Глава восемнадцатая

Бенни Сильва. Огастин, Луизиана, 1987


Когда я просыпаюсь и обвожу взглядом комнату, с удивлением обнаруживаю, что уснула в старом кресле, любовно прозванном Засоней. Мой любимый пушистый плед — подарок Кристофера на прошлый день рождения — лежит на мне. Я поплотнее в него закутываюсь и смотрю на старые кипарисовые половицы, освещенные мягким солнечным светом. Затем высвобождаю руку из-под пледа и потираю лоб. Дождавшись, когда зрение прояснится после сна, еще раз оглядываю комнату и замечаю мужские ноги в носках, скрещенные на антикварном деревянном сундуке, вытащенном мной из помойки при кампусе несколько лет назад. Носки незнакомые, как и поношенные охотничьи ботинки, стоящие на полу чуть поодаль. 

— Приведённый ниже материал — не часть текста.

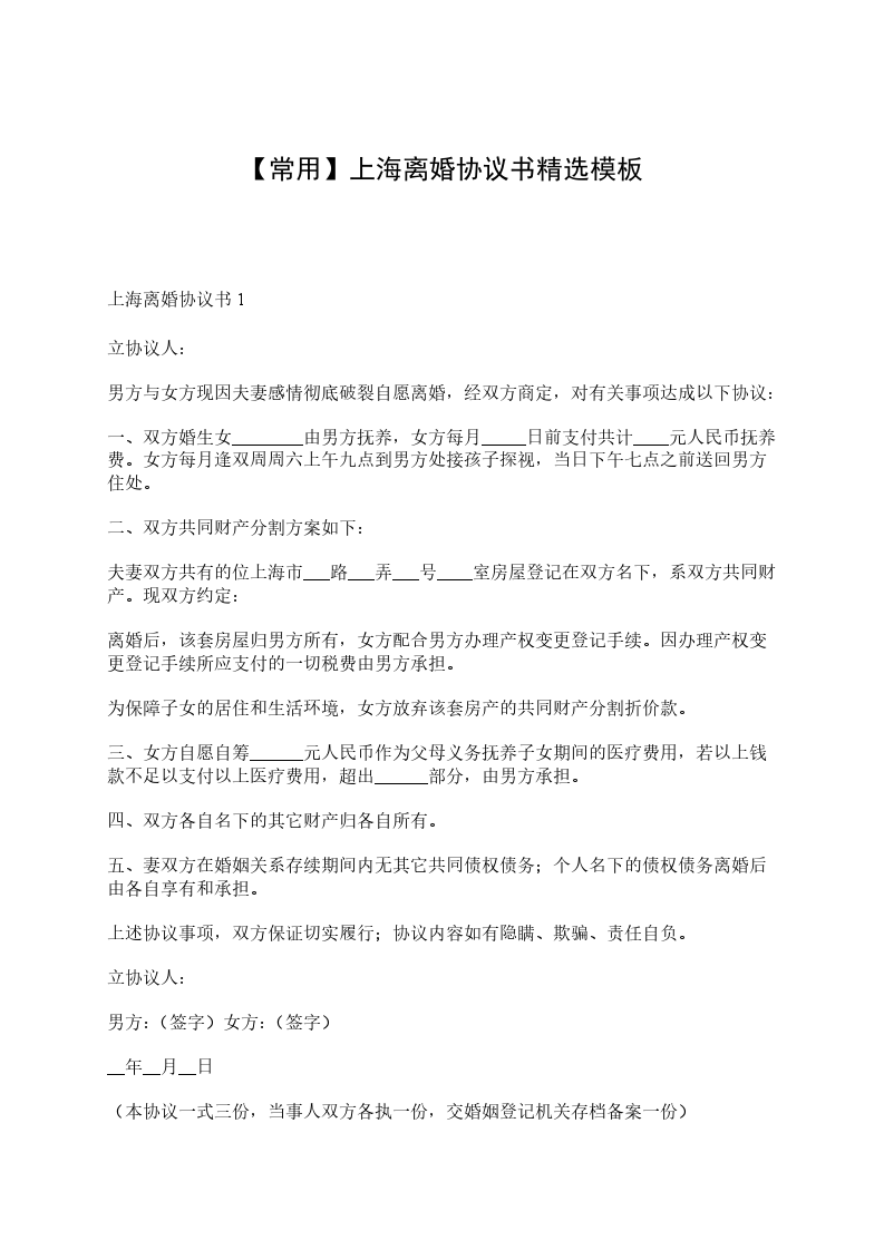 (本协议一式三份,当事人双方各执一份,交婚姻登记机关存档备案一份)

Меня охватывает паника: оказывается, я в доме не одна! Ощупав свои руки, плечи, ноги, прижатые к животу, я убеждаюсь, что полностью одета, и испытываю большое облегчение. Успокаивает меня и относительный порядок в комнате. 

События прошлого вечера начинают всплывать в памяти — сперва неспешно, а потом все быстрее и быстрее. Я вспоминаю, как собирала кое-что в поместье Госвуд-Гроув и даже прихватила несколько книг из городской библиотеки, чтобы быть полностью готовой к встрече с Натаном. Вспоминаю, что он опоздал и я уже начала бояться, что вообще не дождусь его. 

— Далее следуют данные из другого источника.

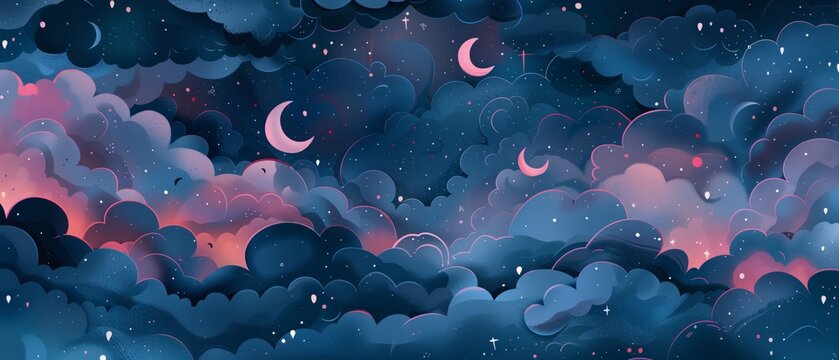 Whimsical watercolor illustration of a glowing crescent moon surrounded by fluffy clouds and twinkling stars on a white background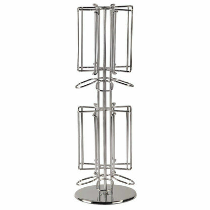 Elegant wire framing allows different types of coffee capsules to be stored and sorted in a clear manner 8 wire holders that each hold up to 5 capsules With metallic finish What's in the Box 1 "Rondello" coffee capsule stand Technical Details Installation: Free-Standing Material: Metal Max. Capsule Capacity: 40 Depth: 12 cm Height: 36,5 cm Width: 12 cm Colour: Silver Chrome-Plated Suitable for: Nespresso Capsules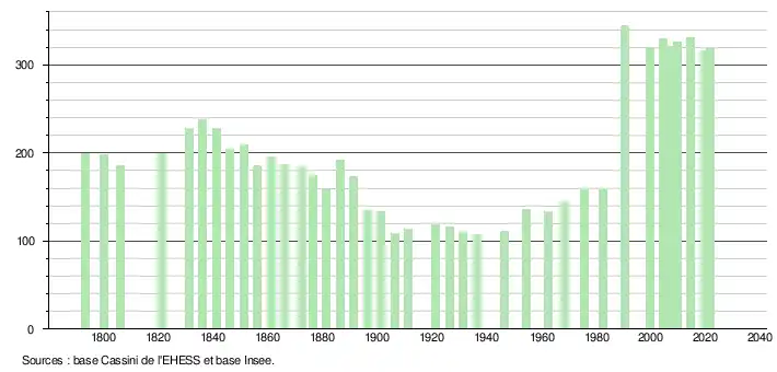L'évolution du nombre d'habitants est connue à travers les recensements de la population effectués dans la commune depuis 1793. Pour les communes de moins de 10 000 habitants, une enquête de recensement portant sur toute la population est réalisée tous les cinq ans, les populations légales des années intermédiaires étant quant à elles estimées par interpolation ou extrapolation[25]. Pour la commune, le premier recensement exhaustif entrant dans le cadre du nouveau dispositif a été réalisé en 2004[26].

Но Натан наконец поднялся на крыльцо, с извинениями и тортом в руках. 

— Этот торт называется «Доберж». Местное луизианское лакомство, — пояснил он. — Хотел извиниться перед вами за вторжение. Уверен, у вас были более увлекательные планы на вечер пятницы. 

— Какое восхитительное извинение! — обрадовалась я, принимая из его рук десерт весом, наверное, фунта в три. Я отошла на полшага, приглашая гостя зайти. — Но с дежурством на футбольном стадионе и попытками помешать подросткам обжиматься за трибунами даже оно не сравнится! 

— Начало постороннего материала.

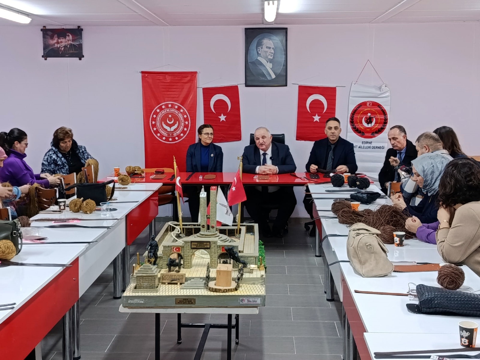 Edirne Aile ve Sosyal Hizmetler İl Müdürlüğü tarafından, Edirne Şehit Aileleri Yardımlaşma ve Dayanışma Derneği iş birliğiyle, şehit yakınlarına yönelik kağıt ipten örgü çanta kursu açıldı. Derneğin çok amaçlı salonunda başlayan kursta şehit yakınları, Halk Eğitim Merkezi el sanatları öğretmeni Tuğba Ülkü eşliğinde, kağıt iplerden örgü çanta yapımını öğrenmeye başladı.

Мы натянуто заулыбались — впрочем, чего еще ожидать от людей, которые не знают, как будет развиваться и куда свернет их разговор. 

— Давайте я вам покажу то, ради чего попросила вас заехать, — предложила я. — А потом угостимся барбекю и чаем со льдом, — я нарочно не предложила ему ни вина, ни пива, чтобы наша встреча не напоминала свидание. 

Но про еду из кафе и про торт мы вспомнили лишь через несколько часов. Как я и надеялась, Натан оказался не так уж равнодушен к семейной истории, как он сам думал. Запутанное прошлое плантации Госвуд-Гроув захватило нас, пока мы листали первые издания старинных томов, счетные книги, в которых велся учет торговым делам плантации, подсчитывался урожай, приводились краткие ежедневные отчеты о проделанной на плантации работе. Мы даже прочли несколько писем, спрятанных между книгами на одной из полок. В них десятилетняя девочка рассказывала своему отцу, что она делала в школе под руководством монахинь — обыденные сведения по меркам тех дней и бесценные свидетельства прошлого. 

Семейную Библию я приберегла на потом, а начать решила с более безобидных и милых деталей. Трудно было предсказать, как Натан отреагирует на эти мрачные страницы семейной истории. Разумеется, он знал, каким было прошлое его родни, и понимал, что происходило на плантациях вроде Госвуд-Гроува во времена рабства. Но каково ему будет лицом к лицу столкнуться с этой жестокой реальностью, пускай и спустя столько лет, когда о ней напоминают лишь пожелтевшая бумага и поблекшие чернила? 

Этот вопрос не давал покоя и даже пробудил к жизни моих собственных призраков — ту реальность, к которой мне совсем не хотелось возвращаться. Я и с Кристофером, чье детство можно назвать безмятежным, боялась ею делиться: думала, что он по-другому станет смотреть на меня, если узнает всю правду. А когда все вскрылось, его ранила нехватка искренности в наших отношениях. Так что получается, что правда нас разлучила. 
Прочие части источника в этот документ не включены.